Activity
What you write should be an exact repeat of the lines from the one with "Il nome Pan" through the final line below, minus the pictures.

Supplied material
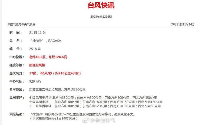浙江省气象台预计,明天浙江雨水明显减弱,除了沿海地区外,其他地区可以见到阳光,适合洗衣晾晒。“桦加沙”加强为超强台风,成为今年以来风王。今晨,在海上活跃的双台风“桦加沙”和 “浣熊”的强度都提升至超强台风级。“浣熊”未来路径向西偏北方向移动,对我国近海海域无影响。“桦加沙”已成为今年以来西北太平洋最强台风。据中央气象台21日11时台风快讯,“桦加沙”最大风力已达17级(60米/秒)。预计台风“桦加沙”22日穿过巴士海峡后,将于23日凌晨进入南海东北部海面,并将在24日凌晨至下午在广东沿海登陆,预计登陆时强度可达强台风级或超强台风级(14-16级,45-52米/秒)。之后,“桦加沙”将穿过雷州半岛进入北部湾海面,强度逐渐减弱。
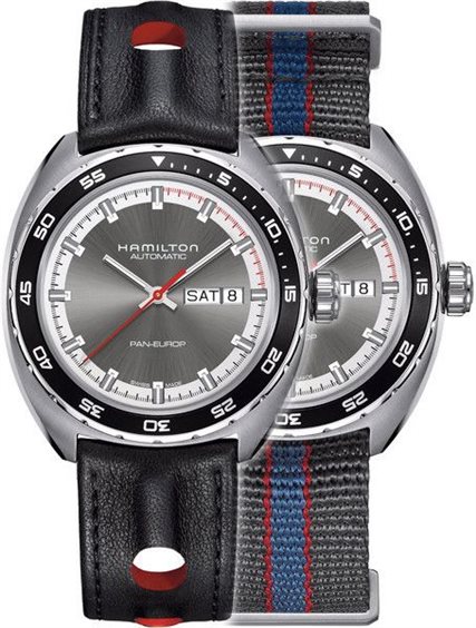 Il nome Pan Europ non deve trarre in inganno: questo orologio, infatti, incarna il puro spirito americano Hamilton ed è pronto per portarti con sé in un viaggio on the road. Il modello ti garantirà sempre la massima precisione ed eleganza, accompagnate dal battito incessante del movimento automatico. Nei momenti di pausa, la riserva di carica fornisce un supporto immediato e la visualizzazione del giorno e della data permette di non perdere la cognizione del tempo. Un orologio sobrio, classico e versatile, disponibile con cinturino in pelle o NATO.
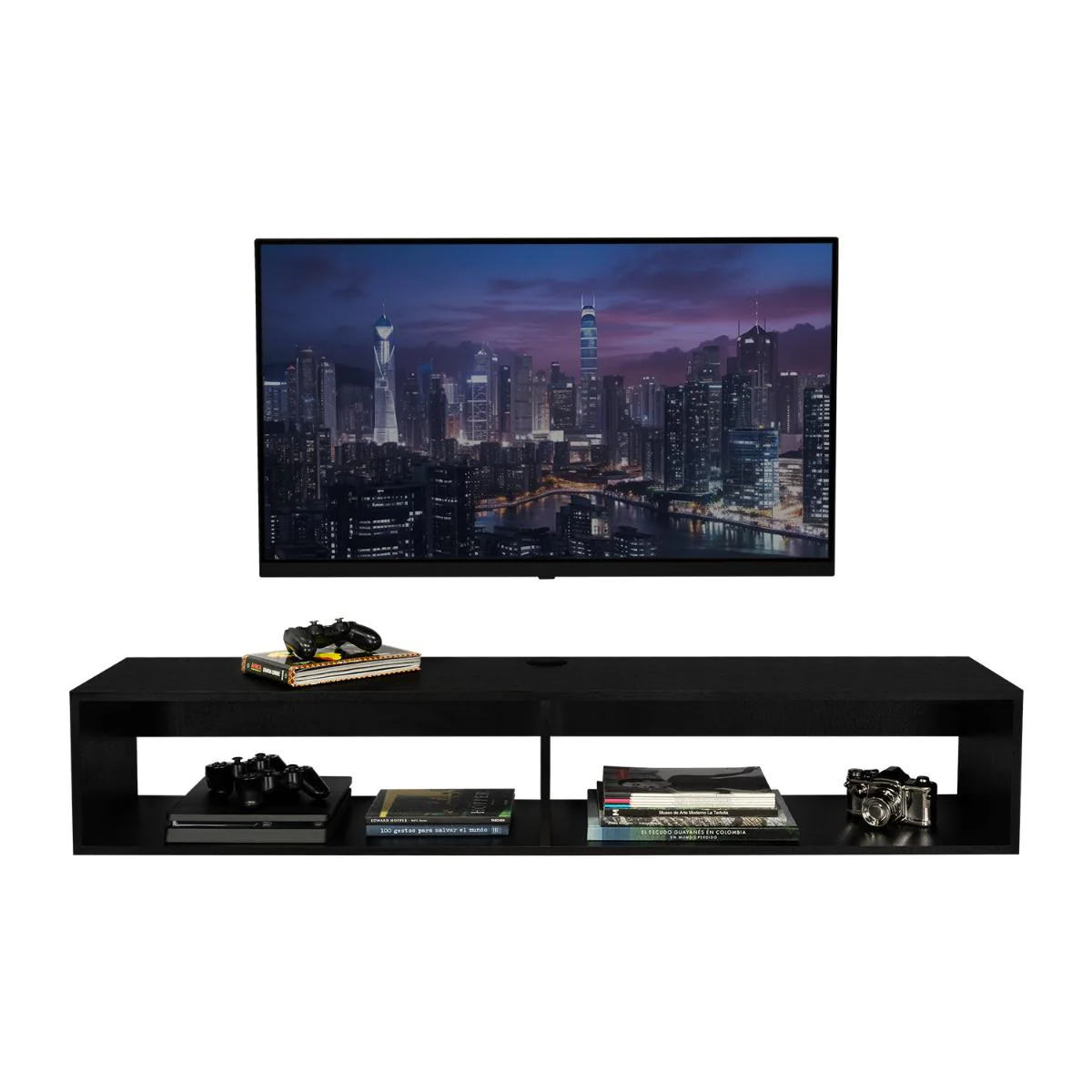 Repisa Flotante, con espacio para ubicar objetos decorativos, equipos de audio video, entre otros. Máximo 65 pulgadas

Output for this exercise
 Il nome Pan Europ non deve trarre in inganno: questo orologio, infatti, incarna il puro spirito americano Hamilton ed è pronto per portarti con sé in un viaggio on the road. Il modello ti garantirà sempre la massima precisione ed eleganza, accompagnate dal battito incessante del movimento automatico. Nei momenti di pausa, la riserva di carica fornisce un supporto immediato e la visualizzazione del giorno e della data permette di non perdere la cognizione del tempo. Un orologio sobrio, classico e versatile, disponibile con cinturino in pelle o NATO.
 Repisa Flotante, con espacio para ubicar objetos decorativos, equipos de audio video, entre otros. Máximo 65 pulgadas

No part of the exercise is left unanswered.